Inter-Tel confirmed yesterday that private buyout firm Vector Capital Corporation has decided not to make any acquisition offer for the company. Inter-Tel said that Vector Capital’s decision is based on a recent announcement made by its founder and former chief executive Steven Mihaylo regarding his recapitalization plan for the company.
In mid-May, Vector Capital had put forward an acquisition offer of $26.50 per share in cash for Inter-Tel. The company also confirmed the receipt of a letter from Mihaylo, proposing the recapitalization plan.
Inter-Tel on April 26th entered into a deal to be acquired by privately held Mitel for $25.60 per share in cash or about $723 million. The acquisition of Inter-Tel is expected to double Mitel’s revenues to over $800 million. The combined company is also expected to have market coverage in over 90 countries, with a leading position in the US and UK SMB IP communications industry, the fastest growing sector of the IP communications market.

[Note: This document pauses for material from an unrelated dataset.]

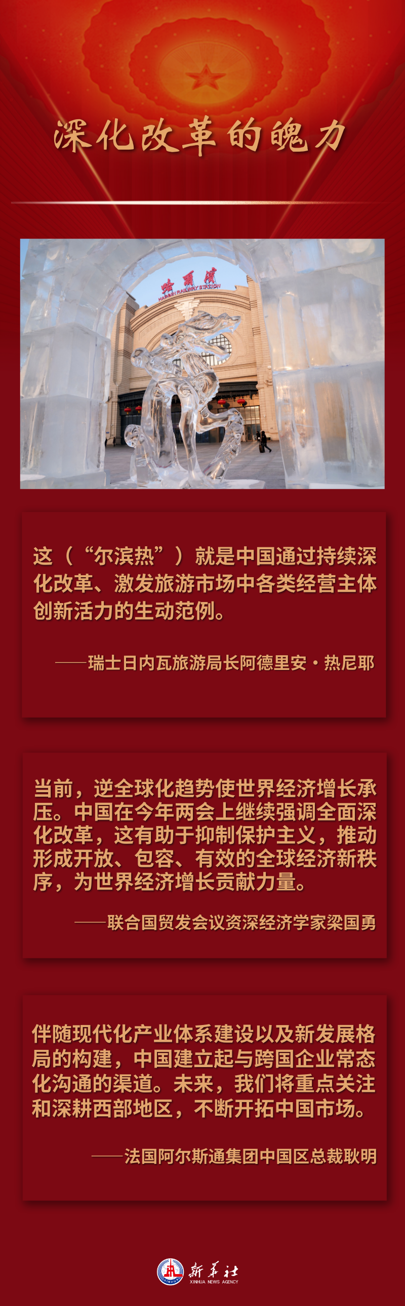 ??今年年初,“爾濱熱”火出國(guó)門(mén),引來(lái)歐洲冰雪勝地瑞士旅游部門(mén)的“隔空互動(dòng)”。瑞士日內(nèi)瓦旅游局長(zhǎng)阿德里安·熱尼耶說(shuō),這就是中國(guó)通過(guò)持續(xù)深化改革、激發(fā)旅游市場(chǎng)中各類(lèi)經(jīng)營(yíng)主體創(chuàng)新活力的生動(dòng)范例。“我很佩服哈爾濱,政府能與整個(gè)市場(chǎng)一同努力挖掘冰雪旅游資源、改革完善相關(guān)機(jī)制,讓冬季活動(dòng)變得如此多彩!”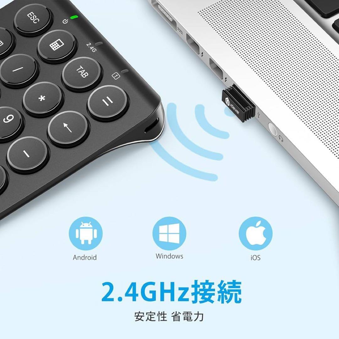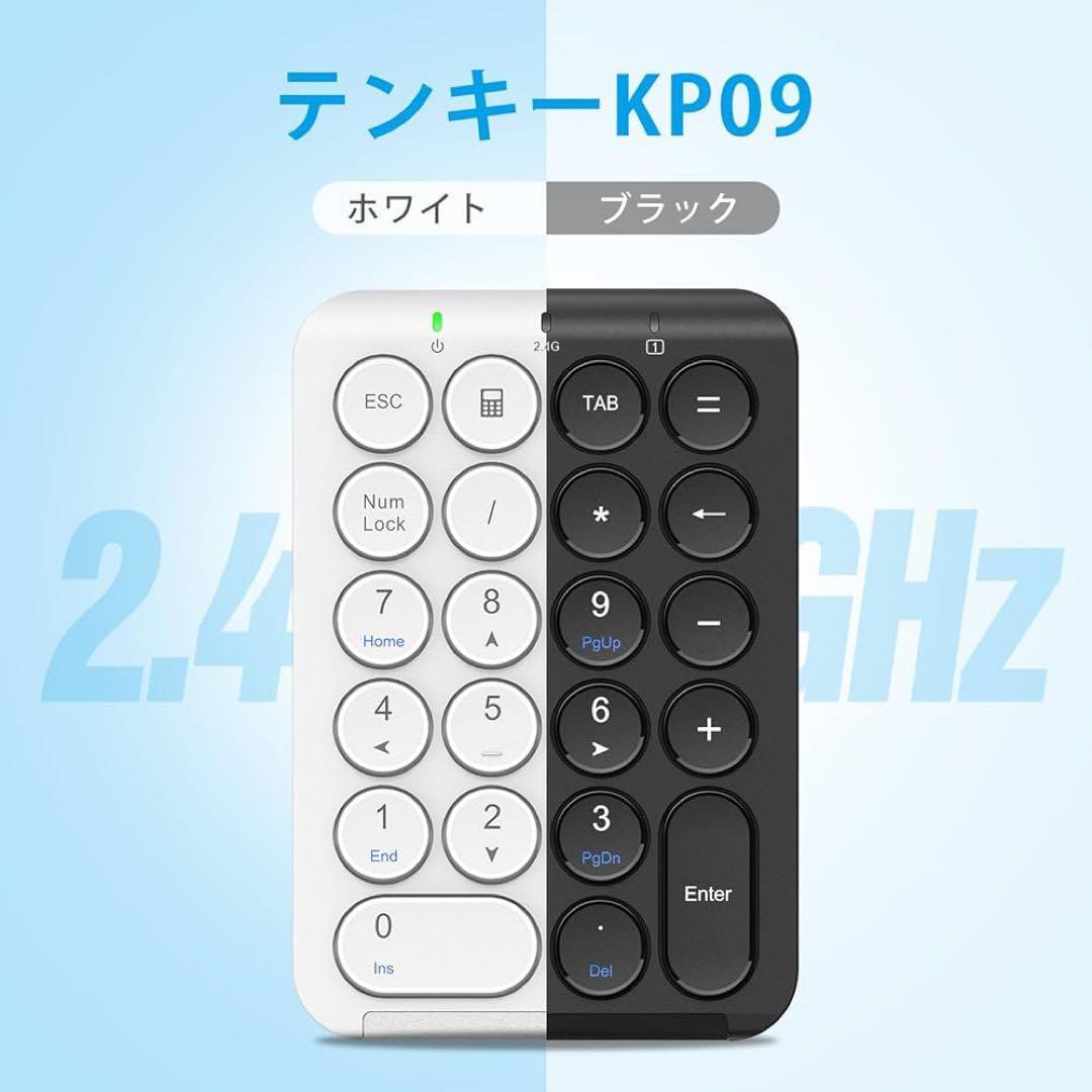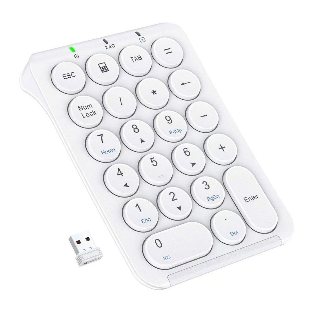 ホワイト☆iClever テンキー ワイヤレス 2.4G 数字 キーボード パンタグラフ式 Type-C充電 Tabキー付き 無線 ナンバーパッド 片手デバイス

Inter-Tel said that the Special Committee of its Board of Directors will consider Mihaylo’s recapitalization proposal in accordance with their fiduciary duties and the provisions of the Mitel merger agreement. However, there can be no assurance that Mihaylo’s proposal would result in a recapitalization or any other transaction. As per the company, the recapitalization plan is subject to confirmatory due diligence, financing, and other conditions.
Meanwhile, Mihaylo, the largest shareholder of Inter-Tel with about 19% of its outstanding shares, on Monday urged the company’s other shareholders to reject Mitel’s offer. Last year, Mihaylo and his firm Vector Capital had to drop their acquisition attempts for Inter-Tel as the company’s shareholders rejected the offer. Mihaylo resigned as Inter-Tel’s chief executive officer in February 2006.
For those that want to know, a recapitalization is defined as a change in a company’s capital structure, such as an exchange of bonds for stock. Recapitalization is often undertaken with the aim of making the company’s capital structure more stable, and sometimes to boost the company’s stock price (for example, by issuing bonds and buying stock).
Companies that do not want to become hostile takeover targets might undergo a recapitalization by taking on a very large amount of debt, and issuing substantial dividends to their shareholders (this makes the stock riskier, but the high dividends may still make them attractive to shareholders).